**ACTION ITEM**
Repeat the lines below exactly as written, please, from the line with "Detsamma gäller den" to the line with "半谷 正顯さんを姓名の画数から五運を鑑定", both lines included, and no others.

**DATA FOR THIS TASK**
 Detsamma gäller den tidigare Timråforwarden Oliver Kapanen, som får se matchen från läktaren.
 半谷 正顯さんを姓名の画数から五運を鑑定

...

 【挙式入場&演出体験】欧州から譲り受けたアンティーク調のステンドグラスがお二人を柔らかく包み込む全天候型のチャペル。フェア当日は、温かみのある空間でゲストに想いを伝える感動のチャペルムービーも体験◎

**ANSWER BOX**
 Detsamma gäller den tidigare Timråforwarden Oliver Kapanen, som får se matchen från läktaren.
 半谷 正顯さんを姓名の画数から五運を鑑定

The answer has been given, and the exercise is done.